Академик В. Бартольд

   К вечеру каган вернулся в свой шатер и созвал старших военачальников. Тут были и покрытые славой побед товарищи юных дней Чингисхана, сгорбленные, седые, высохшие, с отвислыми щеками, и молодые, выдвинутые проницательным каганом бойцы, горящие жаждой подвигов. Каждый имел под своим знаменем десять тысяч всадников, вполне готовых к походу.
   Все сидели тесным полукругом на коврах. Один Чингисхан сидел выше других на золотом троне. Спинка трона была искусно сделана китайскими мастерами в виде сплетающихся «счастливых драконов», играющих с «жемчужиной», похожей на морскую медузу с длинными лапками, а ручки трона изображали двух разъяренных тигров. Это кресло, чеканенное из золота, каган захватил во дворце китайского императора и в походах возил с собой.
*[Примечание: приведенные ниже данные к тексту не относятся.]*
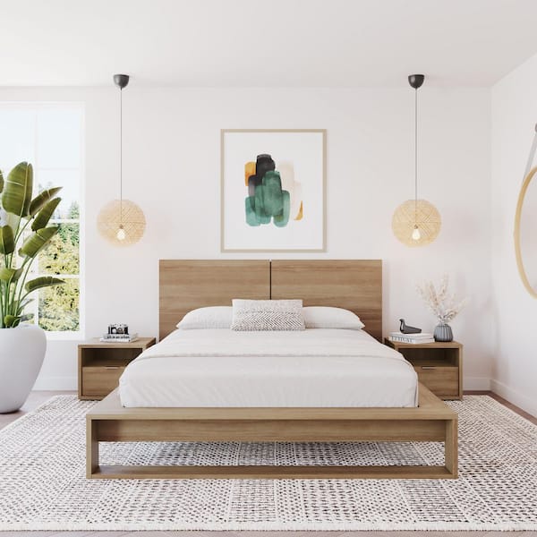 Audrey 4-Piece Brown Oak Composite Queen Size Bedroom Set
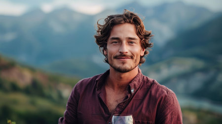 Portrait of a smiling young man holding a glass of wine in the countryside
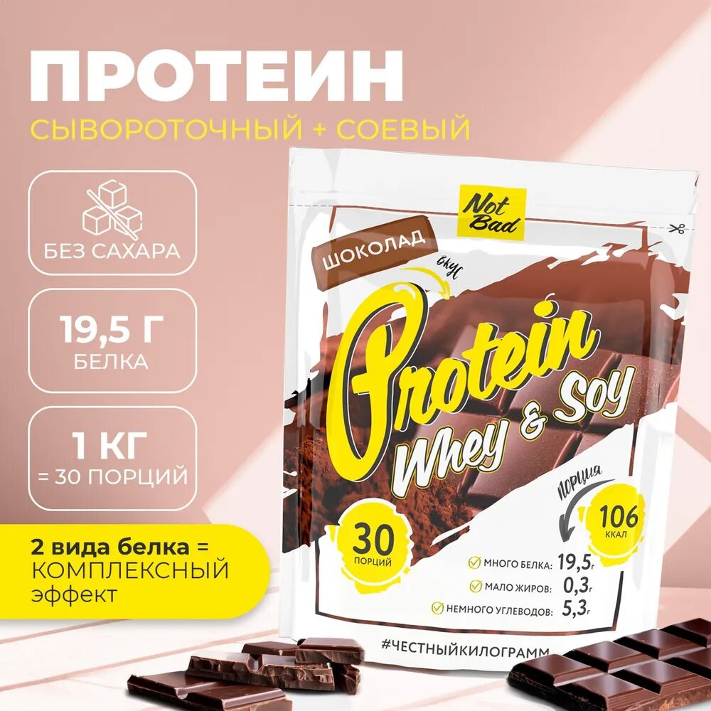 NOTBAD Whey & Soy Protein Соевый и сывороточный протеин 1000 г (Шоколад)
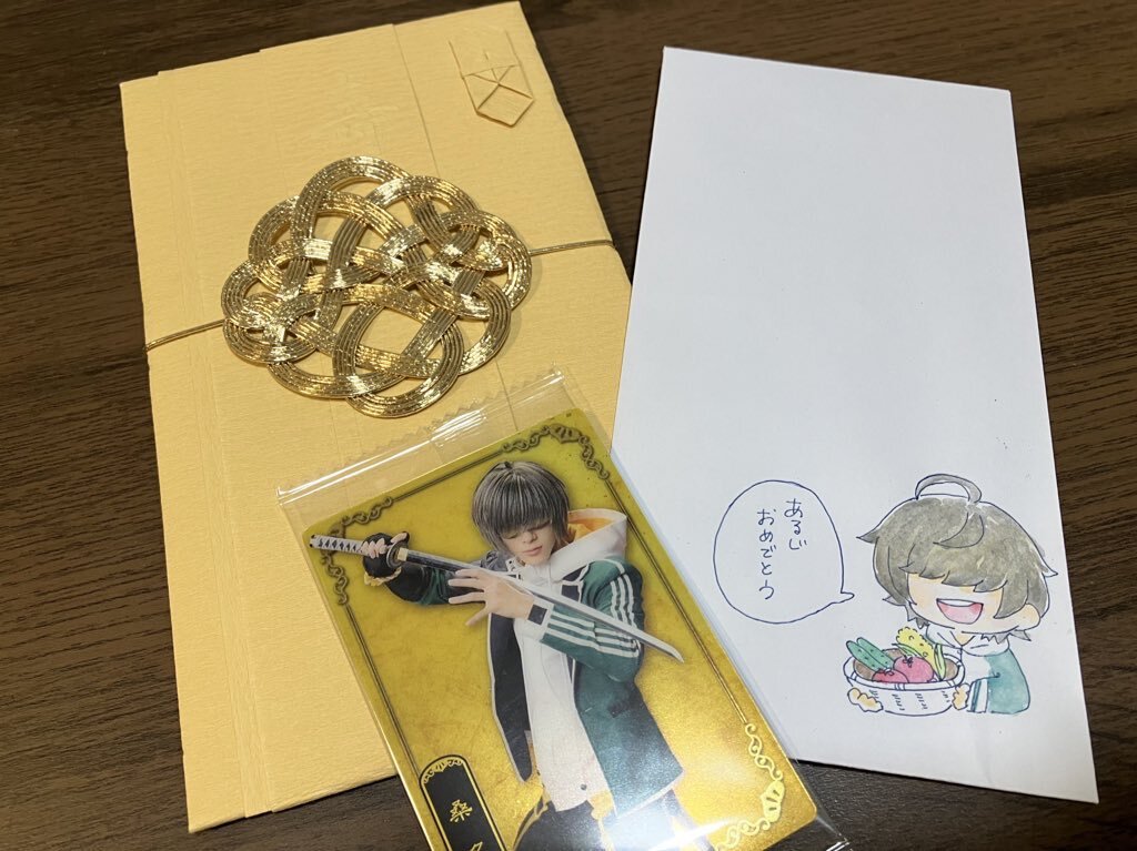 まさかのご祝儀袋に桑名くん入ってたしめっちゃ可愛いイラストでお祝いしてくれてほんと泣くありがとうございます、ご祝儀袋もこんな黄色の可愛いやつあるんやってなった😭💛 pic.x.com/LWhtXWTnhT x.com/k_b_n_j82/stat…
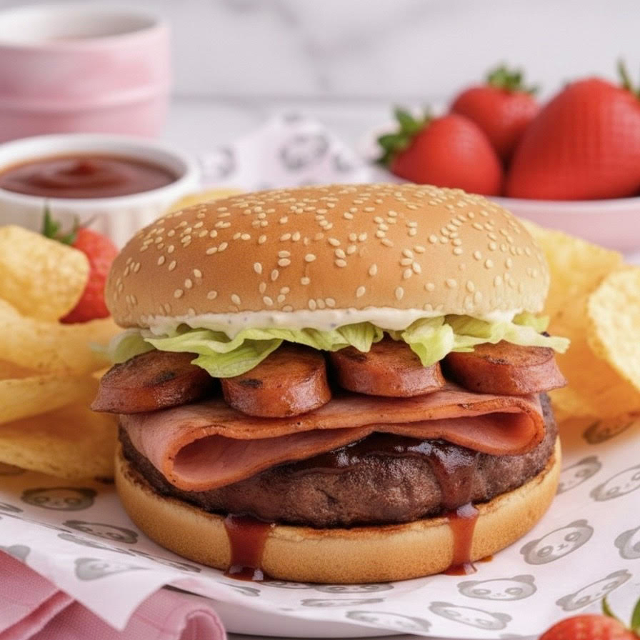 Carne de res bañada en salsa BBQ, acompañada de jamon, salchicha asada a la plancha, lechuga, tomate, un toque de mayonesa. Incluye papas fritas.
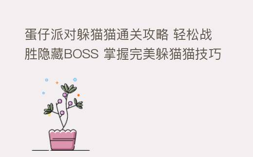 摘要:蛋仔派对躲猫猫通关攻略:轻松成为隐藏大师在《蛋仔派对》这款充满欢乐的多人在线游戏中,躲猫猫模式无疑是最受欢迎的玩法之一。作为一款独特的隐藏与寻找游戏,躲猫猫模式考验玩家的观察力、反应速度和策略布局。本文将为你详细解析如何轻松通关躲猫猫模式,成为隐藏大师。一、选择合适的角色和蛋仔在躲猫猫模式中,选择一个合适的角色和蛋仔至,蛋仔派对躲猫猫通关攻略 轻松战胜隐藏BOSS 掌握完美躲猫猫技巧
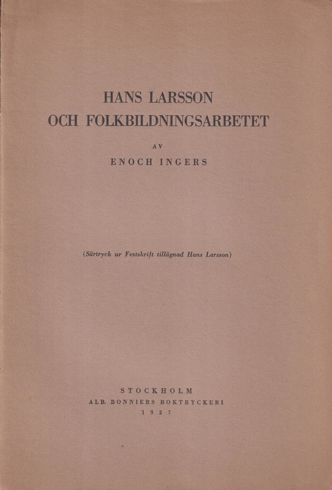 Särtryck ur ‘Festskrift tillägnad Hans Larsson den 18 februari 1927. Studier och uppsatser överräckta på sextiofemårsdagen av kolleger och lärjungar’.
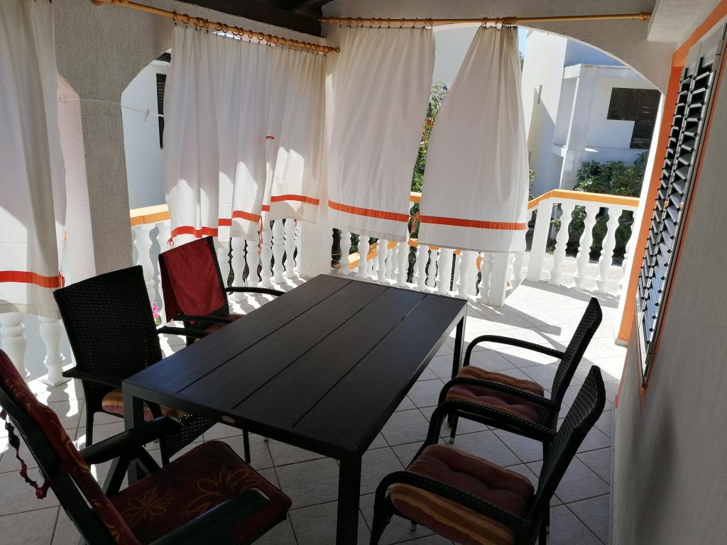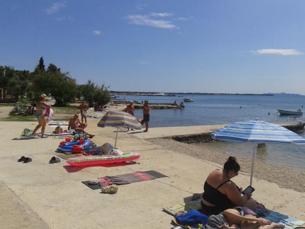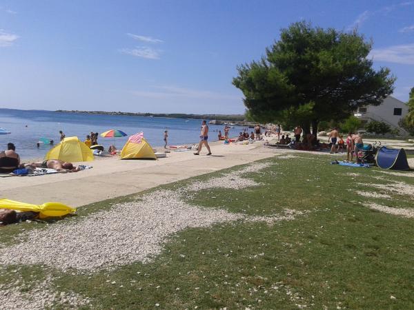 Bienvenue sur l'île de Vir dans l'appartement de la famille Mužina, qui offre ses services depuis de nombreuses années. La maison se trouve du côté sud de l'île dans le paisible village de Luka, idéal pour les couples avec enfants, qui ont leur propre espace autour de la maison pour jouer et un chemin sûr vers la plage. Vous rejoindrez le centre de l'île depuis l'appartement par une promenade le long de la mer. L'appartement est entièrement équipé et climatisé. La maison est raccordée à l'eau de la ville et aux égouts. Il a deux chambres à coucher avec un lit double (une chambre avec une terrasse et une TV), une cuisine, une salle de bain et une terrasse avec une table et des chaises. Utilisation sécurisée d'Internet. L'appartement est idéal pour quatre adultes ou une famille avec deux ou trois petits enfants. Il se trouve à 5 minutes à pied de la plage et à 2 minutes à pied du supermarché. Utilisation du barbecue extérieur, situé à l'ombre d'un grand figuier, ainsi que d'un parking sécurisé. La possibilité d'utiliser une douche extérieure.
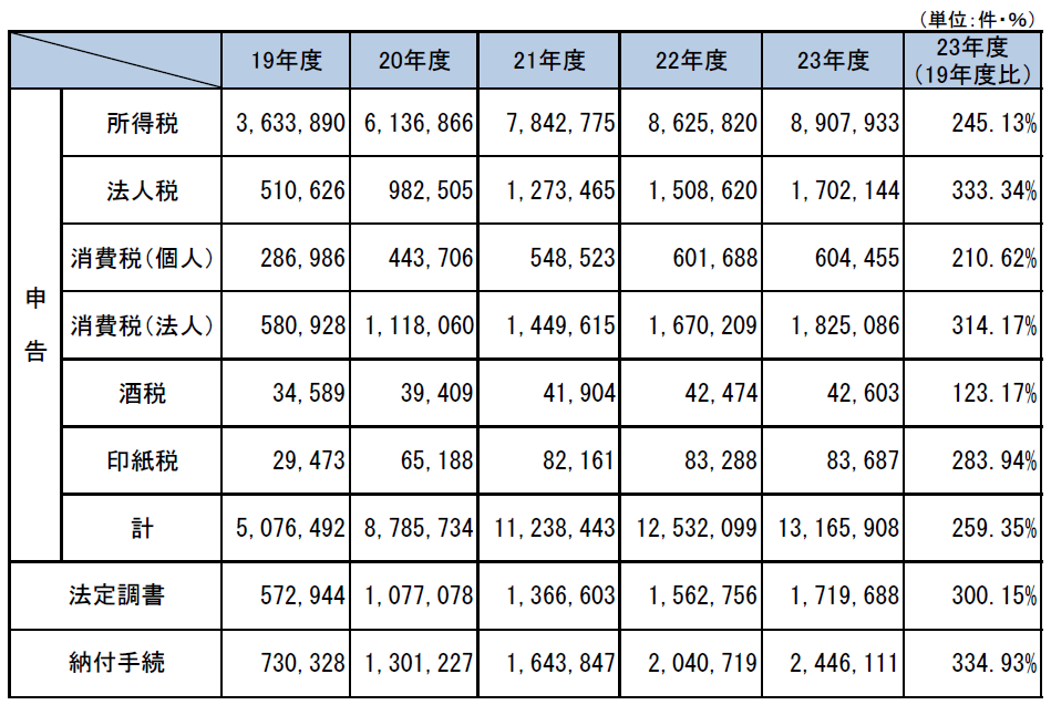 上表のように、e-Taxの利用状況は急激に増加しており、税理士が行う申告のなかで大多数を占めるであろう法人税のe-Taxによる申告件数に至っては、23年度は19年度の約3.3倍まで増加している。

   С правой стороны от трона находились два брата Чингисхана и его два младших сына: Угедэй и Тули, слева сидела последняя жена кагана, юная Кулан-Хатун, вся сверкавшая драгоценными ожерельями и золотыми браслетами, нанизанными на руки от кисти до плеча. Слуги-китайцы бесшумно скользили позади сидевших и разносили золотые блюда с едой и золотые чашки с кумысом и красным хмельным вином.
   По левую руку кагана, рядом с его молодой женой, сидели два посла: один – Ашаганьбу, прибывший от могущественного тангутского царя Бурханя,[95] другой – китайский полководец Мен Хун,[96] посланный сунским императором Южного Китая, который ненавидел цзиньского императора Северного Китая и поэтому искал дружбы и союза с монголами.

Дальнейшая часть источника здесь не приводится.